From the listing below, please restate exactly the lines beginning at the one with "Dolní Pohleď pořádá" and ending at the one with "Już w niedzielę", both included, and skip the pictures.

= Data to use =
****************************************

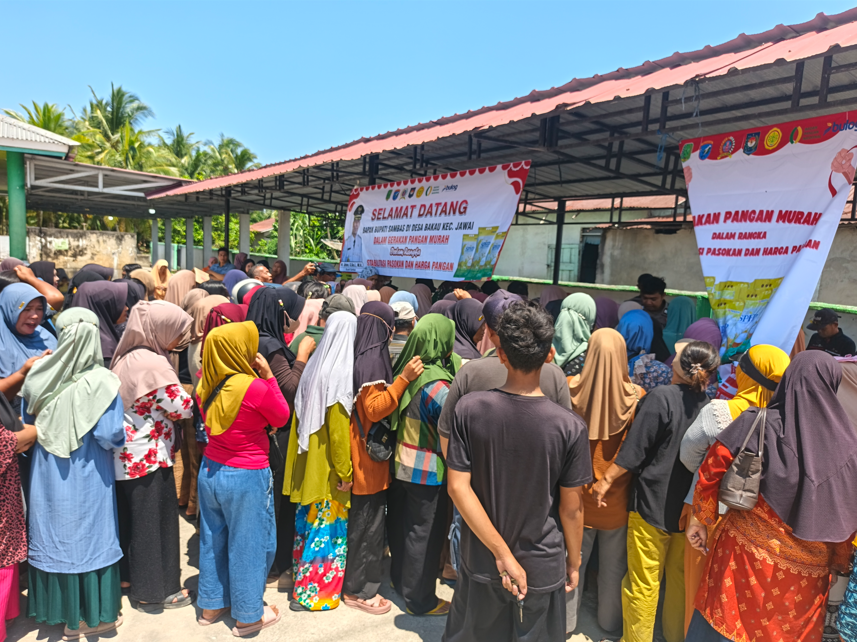 “Ada sekitar delapan ton beras yang kami siapkan. Untuk Desa Bakau sekitar tiga ton, dan di Desa Dungun Laut lima ton. Di pasaran harga beras lima kilogram bisa mencapai enam puluh ribu, namun melalui program ini masyarakat bisa mendapatkannya seharga lima puluh ribu berkat subsidi dari pemerintah,” jelasnya.
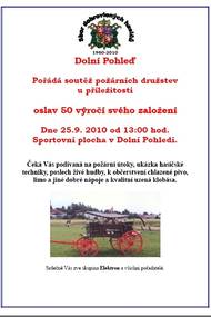 Dolní Pohleď pořádá soutěž požárních družstev u příležitosti oslav 50 výročí svého založení dne 25.9.2010 od 13:00 hod, sportovní plocha v Dolní Pohledi.
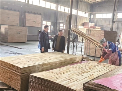 | 台州银行衢州分行客户经理走访查看江山市金兔木业生产车间。周雅媛 摄 |
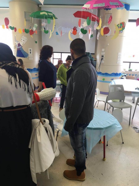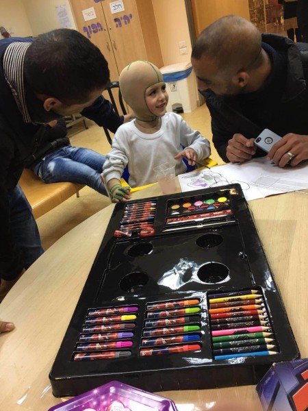كما قام الوفد بزيارة انسانية الى مستشفى شنايدر، حيث حملوا معهم الهدايا الى كافة الاطفال من يهود وعرب المصابين بمرض السرطان.
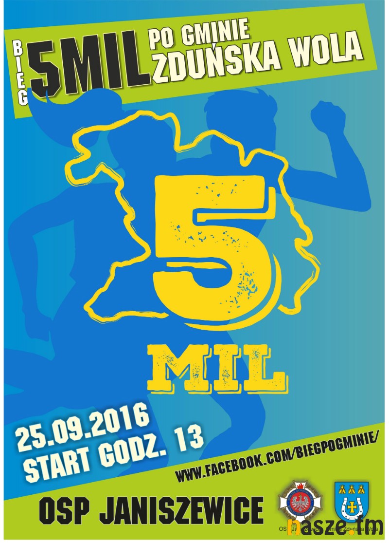 Już w niedzielę kolejna impreza biegowa w naszym regionie, tym razem na nietypowym, 5. milowym dystansie. Start 25. września o godzinie 13:00 przy budynku Ochotniczej Straży Pożarnej w Janiszewicach. Do dziś wpisowe wynosi 30 zł, w dniu zawodów 40.
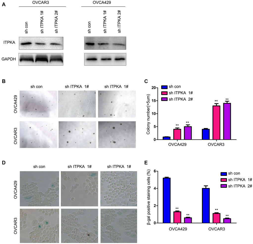 To further understand the functions of ITPKA in the progression of ovarian cancer, the expression of ITPKA was knocked down in OVCA429 and OVCAR3 cells (Figure 2A). Knockdown of ITPKA expression enhanced the anchorage-independent growth of ovarian cancer cells and inhibited cell senescence (Figure 2B–2E). Taken together, these results demonstrated that ITPKA inhibited the colony formation of cancer cells and induced cell senescence.
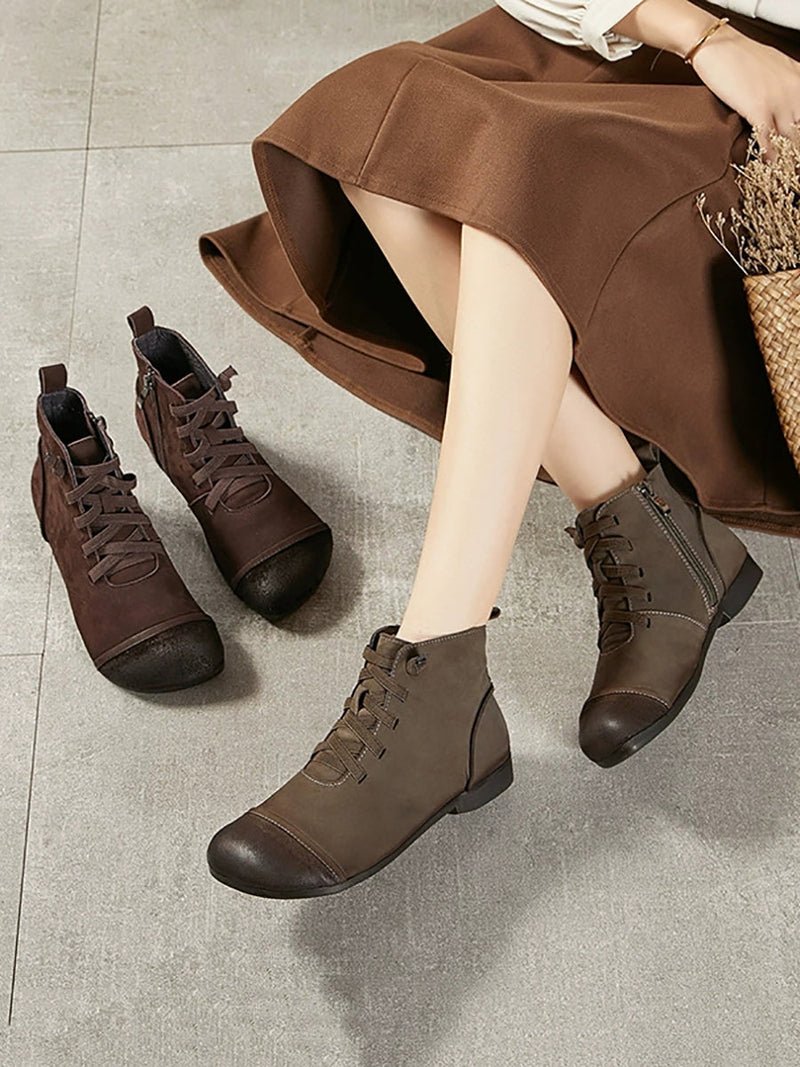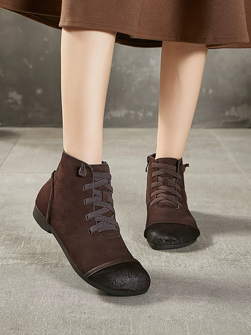 Women Vintage Genuine Leather Spliced Ankle Boots
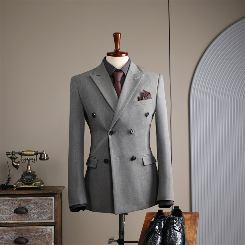 Синий двубортный костюм, мужской формальный британский модный свадебный костюм жениха, деловой повседневный костюм, мужская одежда
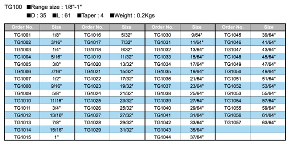 TG100 SPRING COLLET SYSTEMTG100 SPRING COLLET SYSTEM
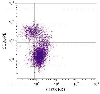 Figure 1: BALB/c mouse thymocytes were stained with Hamster Anti-Mouse CD28-Biotin and Rat Anti-Mouse CD3ε-PE followed by Streptavidin-FITC .
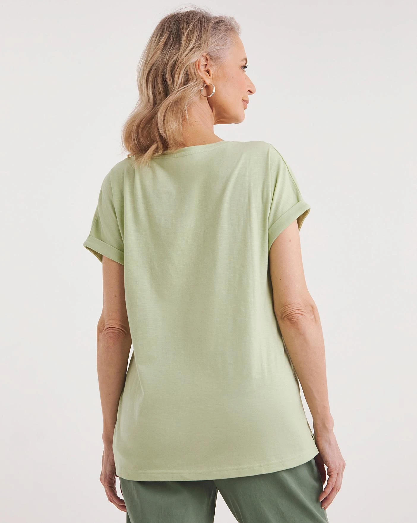This easy fit V-neck T-shirt with lace details is one to add to your basics wardrobe. Featuring short sleeves and made from BCI cotton. By choosing our cotton products, you’re supporting Julipa’s investment in Better Cotton’s mission. This product is sourced via a system of mass balance and therefore may not contain Better Cotton.

****************************************

= Answer to this task =
 Dolní Pohleď pořádá soutěž požárních družstev u příležitosti oslav 50 výročí svého založení dne 25.9.2010 od 13:00 hod, sportovní plocha v Dolní Pohledi.
 | 台州银行衢州分行客户经理走访查看江山市金兔木业生产车间。周雅媛 摄 |
كما قام الوفد بزيارة انسانية الى مستشفى شنايدر، حيث حملوا معهم الهدايا الى كافة الاطفال من يهود وعرب المصابين بمرض السرطان.
 Już w niedzielę kolejna impreza biegowa w naszym regionie, tym razem na nietypowym, 5. milowym dystansie. Start 25. września o godzinie 13:00 przy budynku Ochotniczej Straży Pożarnej w Janiszewicach. Do dziś wpisowe wynosi 30 zł, w dniu zawodów 40.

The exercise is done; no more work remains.